### ACTIVITY
Every line below should come back exactly as written, though the pictures stay out.

[Collected data entries]
◇ ◇ ◇ ◇ ◇

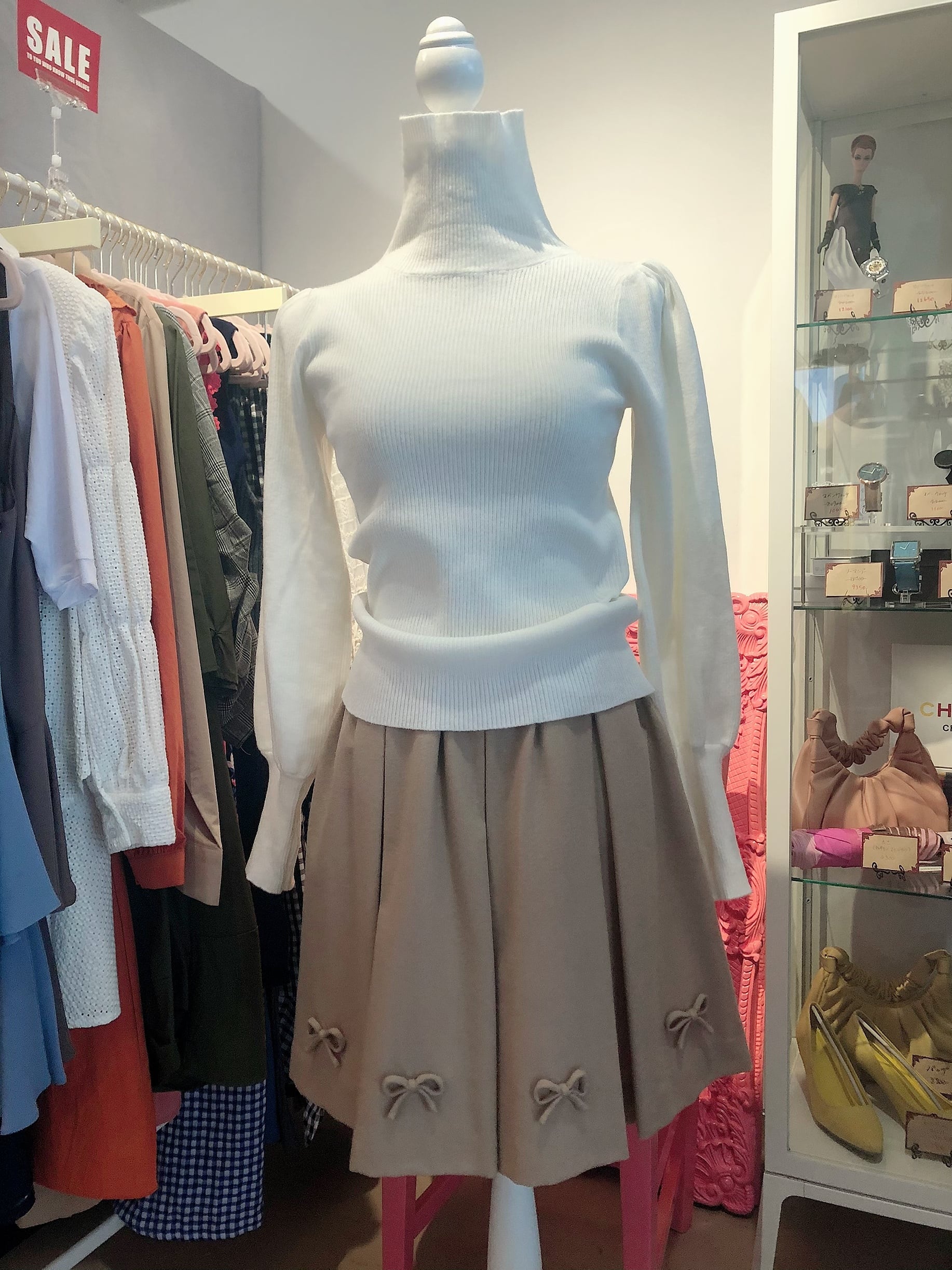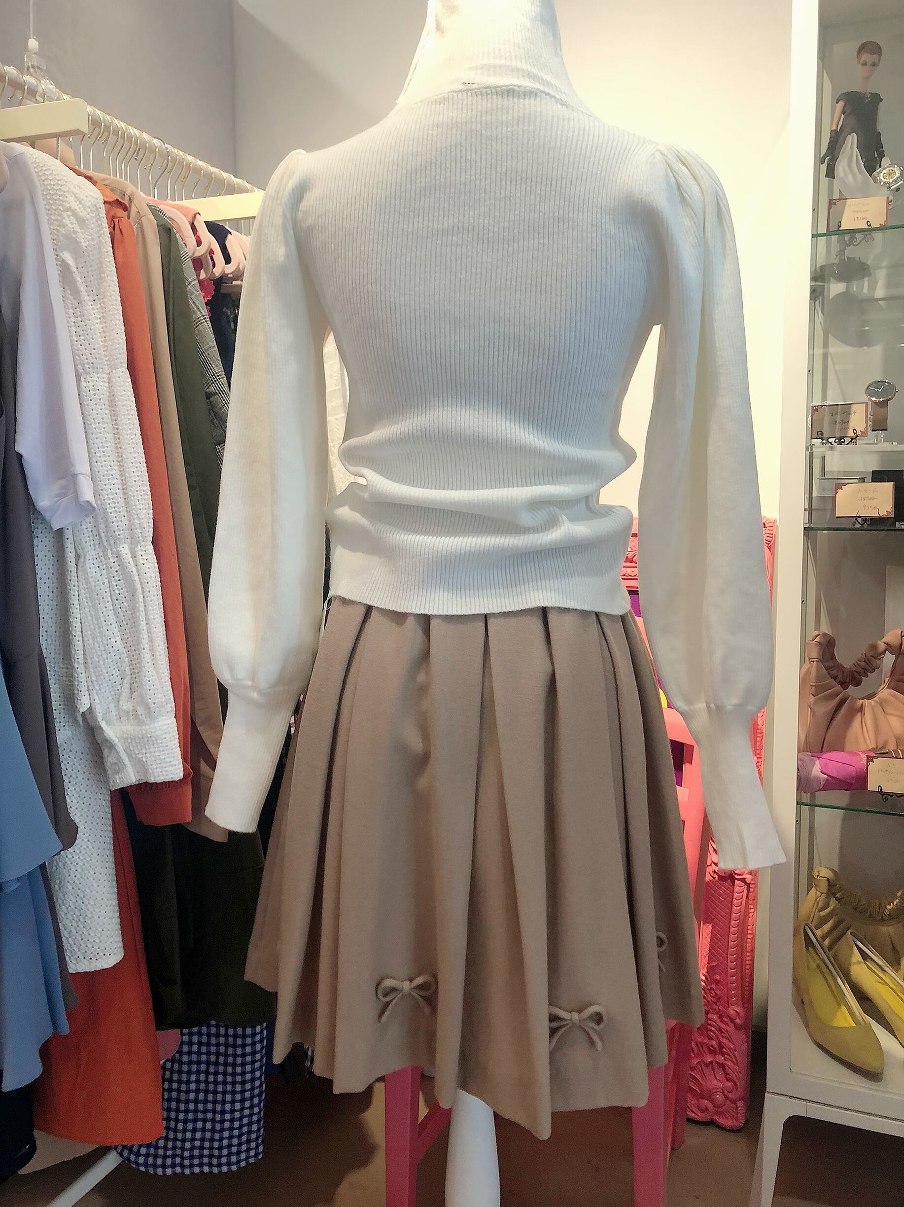 裾の小さなリボンがキュートな、やや短め膝丈のタックフレアスカートです♡
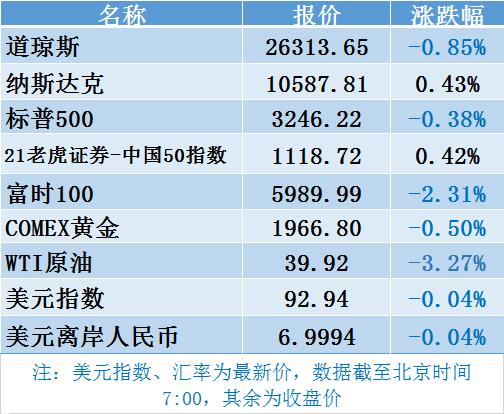 欧股集体大跌;受到核心经济数据不佳冲击,美股涨跌互现,道指跌0.85%,标普跌0.38%,纳指涨0.43%;Facebook、苹果、亚马逊、谷歌均交出超预期财报;首日上市的理想汽车收盘涨43.13%;21老虎证券-中国50指数收报1118.72点跌0.42%。50只成分个股中百位亚太、香港中华煤气、药明康德等17只个股上涨;美油跌3.27%。
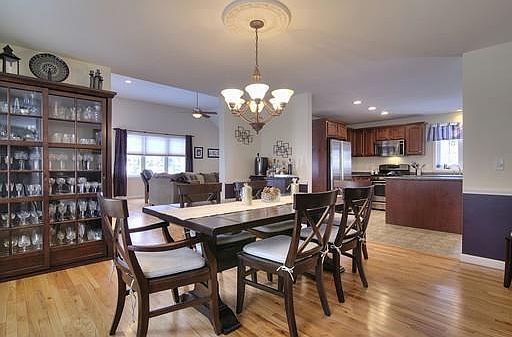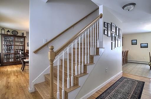 This 4 bedroom, spacious Colonial is located in the beautiful and desirable Tuck Woods subdivision. This home is designed for both entertaining and a comfortable lifestyle that is both open and functional. The entire home has hardwood flooring with the exception of the kitchen, baths & the finished third floor. The large eat-in kitchen is nicely equipped with stainless steel appliances including a gas range and cherry cabinets. There is also a formal dining room for those special occasions. The comfortable family room has vaulted ceilings, ceiling fan and a gas fireplace. The first floor also has a formal living room that could be used as an office or a playroom. A half bath is conveniently located on the first floor. The second floor has two spacious bedrooms plus bath and a Master with bath. The third floor is now being used as a den and a fourth bedroom. All this plus central air, cul-de-sac location, a farmer's porch and two car garage. Nicely landscaped on 2.12 acres.
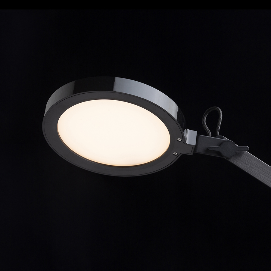LED asztali lámpa két karral. Az intenzitásszabályozó a fényszóró tetején található. Háromfokozatú fényerõszabályozás. A lámpa az EMA rögzítõ (R14290 R14291) külön megvásárlásával asztallapra vagy polcra is rögzíthetõ.
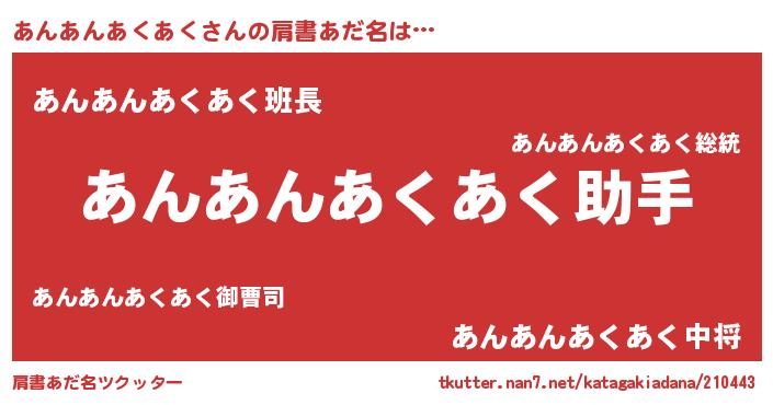 | ピコ太郎風あだ名 | 『アア太郎』『アン三郎』『アコ六郎』 |
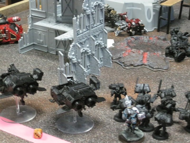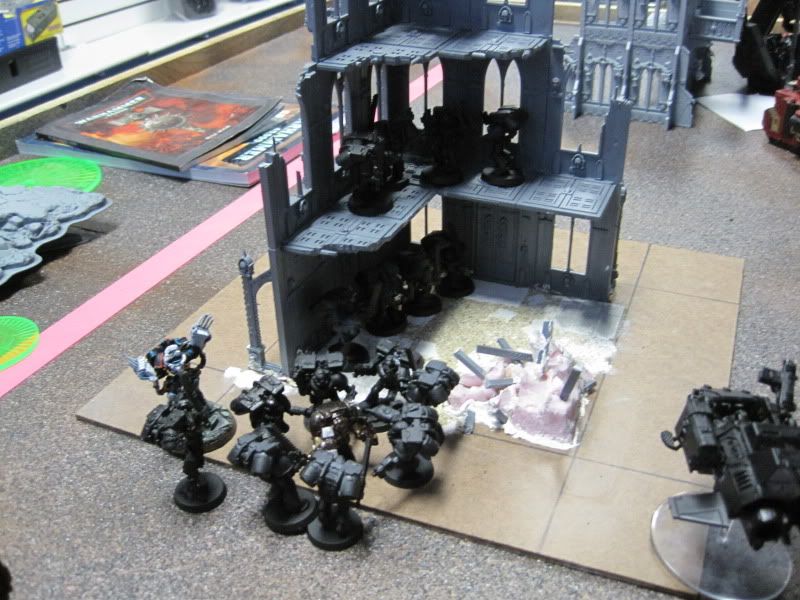 RG: Shrike and the Plasma Dreadnought come in, outflanking and dropping right by his scouts and Terminators. Only shooting of note comes from Speeders, who immobilize and stun his Predator (poor guy didn't get a shot all game.) Some minor shooting chips away at Terminators before a multiassault by two assault squads, a Librarian, and Shrike splatter his scout squad against a wall and knock his terminators down to 1 man at the cost of 5 Jumpers from one squad.
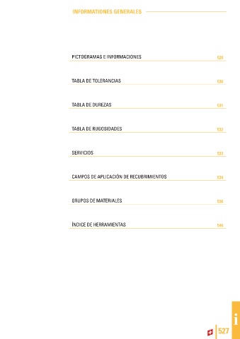 INFORMATIONES GENERALES PICTOGRAMAS E INFORMACIONES 528 TABLA DE TOLERANCIAS 530 TABLA DE DUREZAS 531 TABLA DE RUGOSIDADES 532 SERVICIOS 533 CAMPOS DE APLICACIÓN DE RECUBRIMIENTOS 534 GRUPOS DE MATERIALES 536 ÍNDICE DE HERRAMIENTAS 546 527
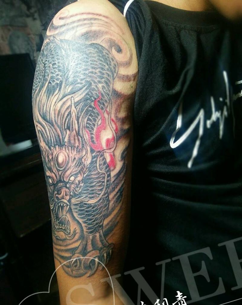 当前位置: 首页 >山东省泰安市纹身店-金门刺青(原欣文艺刺青)纹身图案>大臂麒麟(遮盖)《旺哥作品》纹身图片
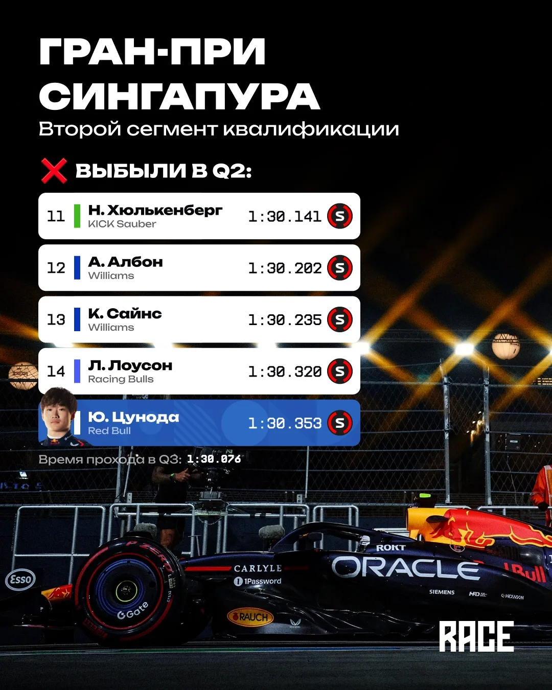 🇸🇬 Юки Цунода выбывает во втором сегменте квалификации гран-при Сингапура.
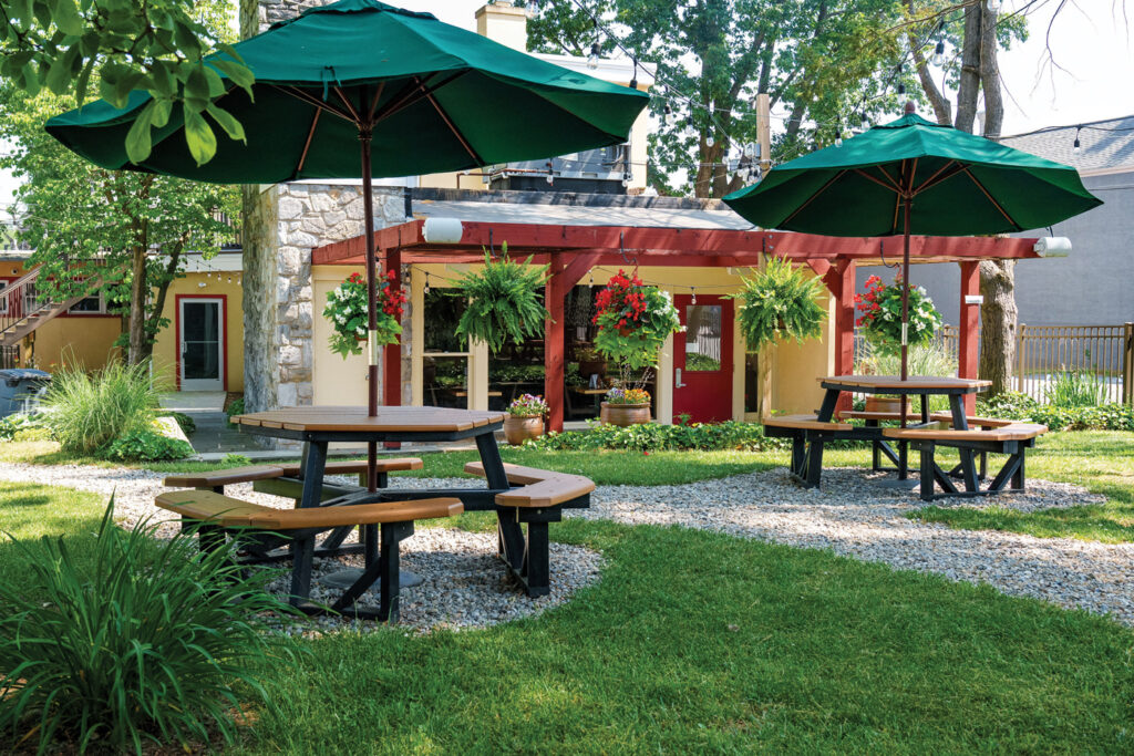 The restaurant was enlarged following a 2014 fire. “Prior to that we had talked about expanding; we turned a tragedy into something good,” Mollie says. The restaurant now seats about 95 indoors. An outdoor seating area that features stone pathways and picnic tables among the lush landscaping was added last year. It seats about 50; outdoor table service was added in May.
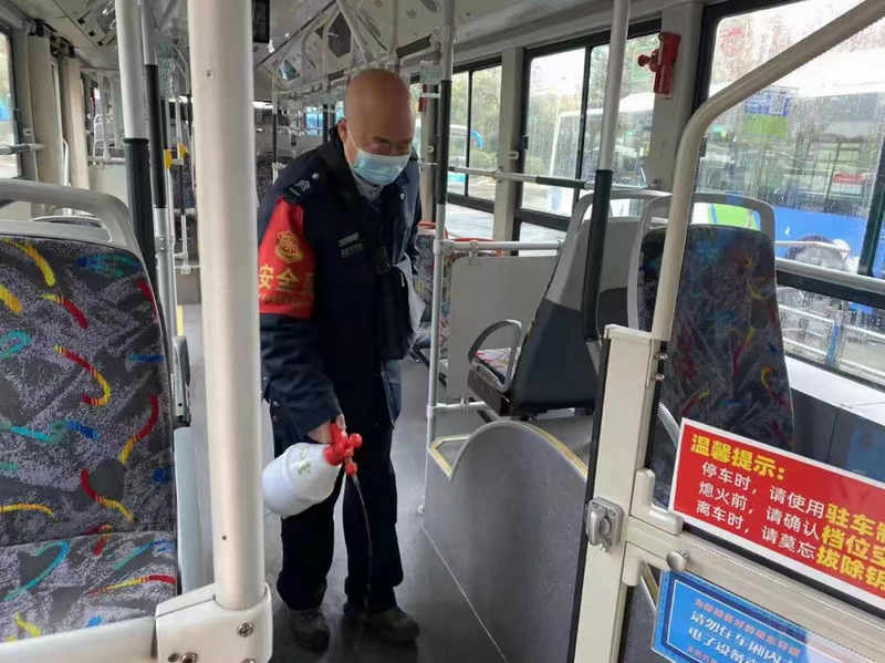 杭州公交相關工作人員對公交車進行消殺。杭州公交供圖

◇ ◇ ◇ ◇ ◇

### ANSWER BOX
 裾の小さなリボンがキュートな、やや短め膝丈のタックフレアスカートです♡
 欧股集体大跌;受到核心经济数据不佳冲击,美股涨跌互现,道指跌0.85%,标普跌0.38%,纳指涨0.43%;Facebook、苹果、亚马逊、谷歌均交出超预期财报;首日上市的理想汽车收盘涨43.13%;21老虎证券-中国50指数收报1118.72点跌0.42%。50只成分个股中百位亚太、香港中华煤气、药明康德等17只个股上涨;美油跌3.27%。
 This 4 bedroom, spacious Colonial is located in the beautiful and desirable Tuck Woods subdivision. This home is designed for both entertaining and a comfortable lifestyle that is both open and functional. The entire home has hardwood flooring with the exception of the kitchen, baths & the finished third floor. The large eat-in kitchen is nicely equipped with stainless steel appliances including a gas range and cherry cabinets. There is also a formal dining room for those special occasions. The comfortable family room has vaulted ceilings, ceiling fan and a gas fireplace. The first floor also has a formal living room that could be used as an office or a playroom. A half bath is conveniently located on the first floor. The second floor has two spacious bedrooms plus bath and a Master with bath. The third floor is now being used as a den and a fourth bedroom. All this plus central air, cul-de-sac location, a farmer's porch and two car garage. Nicely landscaped on 2.12 acres.
LED asztali lámpa két karral. Az intenzitásszabályozó a fényszóró tetején található. Háromfokozatú fényerõszabályozás. A lámpa az EMA rögzítõ (R14290 R14291) külön megvásárlásával asztallapra vagy polcra is rögzíthetõ.
 | ピコ太郎風あだ名 | 『アア太郎』『アン三郎』『アコ六郎』 |
 RG: Shrike and the Plasma Dreadnought come in, outflanking and dropping right by his scouts and Terminators. Only shooting of note comes from Speeders, who immobilize and stun his Predator (poor guy didn't get a shot all game.) Some minor shooting chips away at Terminators before a multiassault by two assault squads, a Librarian, and Shrike splatter his scout squad against a wall and knock his terminators down to 1 man at the cost of 5 Jumpers from one squad.
 INFORMATIONES GENERALES PICTOGRAMAS E INFORMACIONES 528 TABLA DE TOLERANCIAS 530 TABLA DE DUREZAS 531 TABLA DE RUGOSIDADES 532 SERVICIOS 533 CAMPOS DE APLICACIÓN DE RECUBRIMIENTOS 534 GRUPOS DE MATERIALES 536 ÍNDICE DE HERRAMIENTAS 546 527
 当前位置: 首页 >山东省泰安市纹身店-金门刺青(原欣文艺刺青)纹身图案>大臂麒麟(遮盖)《旺哥作品》纹身图片
 🇸🇬 Юки Цунода выбывает во втором сегменте квалификации гран-при Сингапура.
 The restaurant was enlarged following a 2014 fire. “Prior to that we had talked about expanding; we turned a tragedy into something good,” Mollie says. The restaurant now seats about 95 indoors. An outdoor seating area that features stone pathways and picnic tables among the lush landscaping was added last year. It seats about 50; outdoor table service was added in May.
 杭州公交相關工作人員對公交車進行消殺。杭州公交供圖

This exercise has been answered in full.